I think the real reason lies elsewhere in that description.

Firstly:

Bits 7 through 11 are computed using the carry lookahead value, allowing them to be computed without waiting on the low-order bits. In parallel, the carry/borrow out of these bits is computed by the large NOR gate in the middle, and used to compute bits 12 through 14. The last carry lookahead value is computed at the left and used to compute bit 15. Note that the number of carry blocks decreases as the number of carry lookahead gates increases. For example, output 6 depends on three inc/dec blocks and no carry lookahead gates, while output 14 depends on one inc/dec block and two carry lookahead gates. If the inc/dec blocks and carry lookahead gates require approximately the same time, then the output bits will be ready at approximately the same time.

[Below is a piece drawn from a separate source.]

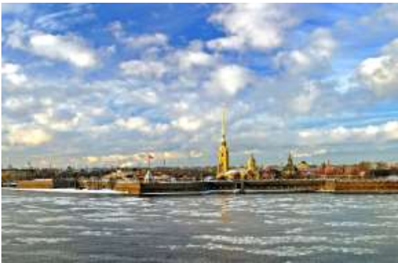
St.Petersburg am Fluss Newa, Russland

So ist es auch mit der Offenbarung. Sie zeigt uns in vielen Bildern die Entwicklung der Geschichte von der Menschheit, von Israel sowie von der Gemeinde. Ab Kapitel 21 zeigt sie epochale gewaltige Zeiten = Ewigkeiten, auch nur für uns in verständlichen Bildern. So ist der Bericht vom Lebensstrom für uns nur kurz gefasst in zwei Versen. Der Zeitraum umfasst aber Ewigkeiten, die für uns unvorstellbar sind.

i.e. The splits in the circuit structure were designed to meet overall timing constraints on the 16-bit incrementer, without regard for any secondary function it may be used for. As it turned out, one of those splits was between bits 6 and 7.

Next:

One unexpected feature of the Z-80's incrementer is that it can pass the value through unchanged. If the carry-in to the incrementer/decrementer is set to 0, no action will take place. This seems pointless, but it actually useful since it allows a 16-bit value to be latched and then read back unchanged.

Furthermore, if the carry-in to bit 7 of the incrementer is set to 0 - via the 'refresh' input to the NOR gate - then the upper 9 bits of the incrementer will not increment, but will preserve their input values.

And finally:

The program counter and refresh register are separated from the rest of the registers and coupled closely to the incrementer. This allows the incrementer to be used in parallel with the rest of the Z-80. In particular, for each instruction fetch, the program counter (PC) is written to the address bus and incremented. Then the refresh address is written to the address bus for the refresh cycle, and the R register is incremented. (Note that the interrupt vector register I is in the same register pair as the R register. This explains why the I value is also written to the address bus during refresh.)

i.e. The I and R registers are updated through the incrementer as a 16-bit pair, just like the PC - but in this case the upper 9 bits are not incremented, and so I and bit 7 of R are actually reloaded with the same value. There's no separate load control for the two halves of the pair, at least as far as the incrementer is concerned.

(EDITED TO ADD: That's actually quite an assumption on my part, especially considering the separate I & R load capability I mention below. But I think that even if R can be loaded from the incrementer independently of I, the argument still applies to bit 7 of R.)

(Note that I and R can be individually transferred to and from A, but this is a distinct function from the refresh-cycle increment.)

So: While it would seem natural for the refresh counter to use 8 bits, the internal structure of the 16-bit incrementer (adopted to meet its timing requirements) was such that a 7-bit counter function is what was available - and this was sufficient for the prevailing memory technology of the time.